The thing is, whenever these people find out I’m a huge science enthusiast, they always end up throwing science back in my face. It’s a basic principle of science, isn’t it?  You have to keep an open mind, don’t you?  Scientific theories have been disproven before, and scientists should be prepared to admit when they’re wrong.

Whenever I get the “keep an open mind” lecture, I respond with a quote that’s often attributed to Carl Sagan: “It pays to keep an open mind, but not so open your brains fall out.”

Because in science, the consensus opinion does change.  Old theories do make way for new ones (though it’s rare for a well established theory to be overturned in its entirety). It does pay to keep an open mind, but that doesn’t mean switching off your critical thinking skills.  And when a hypothesis doesn’t stand up to questioning and scrutiny, when it doesn’t agree with experimental or observational evidence, it’s probably not because my mind isn’t open enough; it’s probably because your hypothesis is wrong.

Just my two cents for today.

11 responses »

  1. K.J. says:

    I think that scientific logic can be applied to so many things. As soon as anyone hears that I write, they espound their words upon me while try not to let my brains leak out.

    Liked by 1 person

  2. Kate Rauner says:

    I read somewhere that superstitions form when an event is random or out of a person’s control, but also very important to them. They seek a pattern or a cause/effect to provide some control, and find one no matter what!

    Liked by 1 person

    • J.S. Pailly says:

      I’ve heard things about that as well. It makes sense. We wouldn’t have made it far as a species if we didn’t find patterns in nature and recognize cause and effect relationships.
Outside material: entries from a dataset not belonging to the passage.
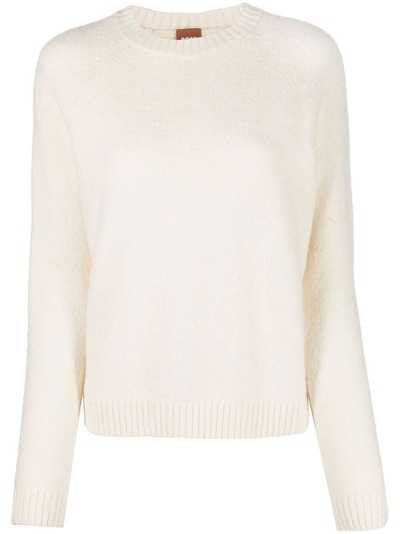 cream white knitted construction crew neck long sleeves ribbed cuffs ribbed band collar gold-tone logo plaque
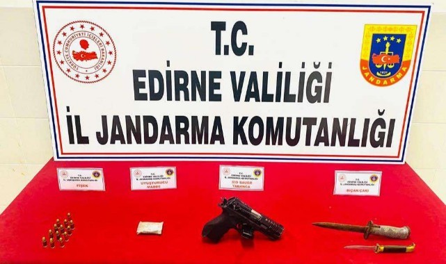 Edirne'de jandarma ekiplerinin "dur" ihtarına uymayan ve kovalamaca sonucu yakalanan araçta uyuşturucu ve silah ele geçirildi, 2 şüpheli gözaltına alındı.
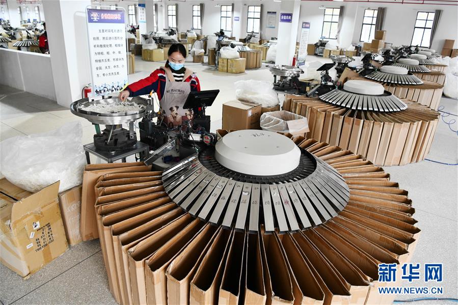 3月12日,在锦屏经济开发区贵州亚狮龙体育文化产业发展有限公司羽毛球生产基地,工人利用机器分选制作羽毛球所需的羽毛。新华社记者 杨文斌 摄
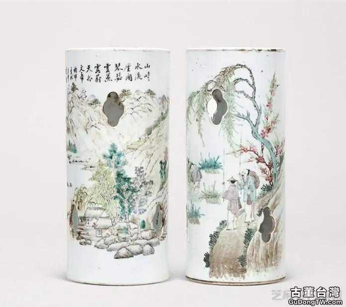 圖3:清晚期 高心田 淺絳彩人物山水帽筒 (二件),最終成交價格:RMB 11,500元, 拍賣專場:北京保利國際拍賣有限公司 北京保利十週年秋季拍賣會, 拍賣成交時間:2015-12-06, 尺寸:高27.5cm。
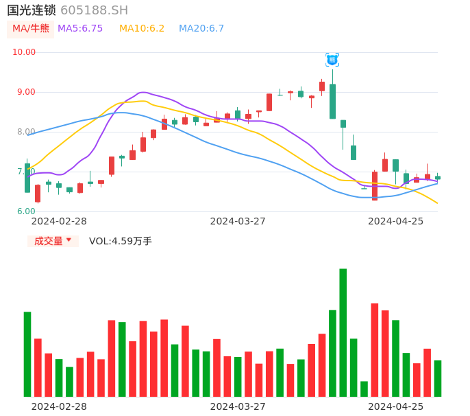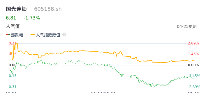 04月25日,国光连锁收报6.81,股价涨幅-1.73%,成交金额3144.64万元,换手率0.93%。

But we also tend to find patterns that aren’t really there, so a healthy dose of skepticism is important too.

      Liked by 1 person

      • Kate Rauner says:

        That may be why it’s so hard to follow a proper scientific method – the first rule is not to fool yourself and you are the easiest person to fool! Science is not intuitive for us humans. We seek the tiger in the pattern of shadows in the grass. Even if you can be rigorous in one field, you fall back to intuition in others. It’s too hardto keep a grip all the time

        Liked by 1 person

  3. Ry Yelcho says:

    There is a cult of ignorance in the United States, and there always has been. The strain of anti-intellectualism has been a constant thread winding its way through our political and cultural life, nurtured by the false notion that democracy means that “my ignorance is just as good as your knowledge.” -Isaac Asimov, scientist and writer (2 Jan 1920-1992)

    Liked by 1 person

    • J.S. Pailly says:

      The U.S. once had a political party called the Know-Nothing Party. People aren’t always that overt about it, but yeah… anti-intellectualism is a big part of American culture. I don’t expect that to change, though I do think it needs to be resisted as much as possible.


  4. I had a couple of conversations late last week along these lines. I think it’s worth attempting to explain what science is actually about, but there’s a short limit on how productive a back and forth will be with people like that.

    Liked by 1 person

  5. “It pays to keep an open mind, but not so open your brains fall out.”

    I’m totally stealing that, you know.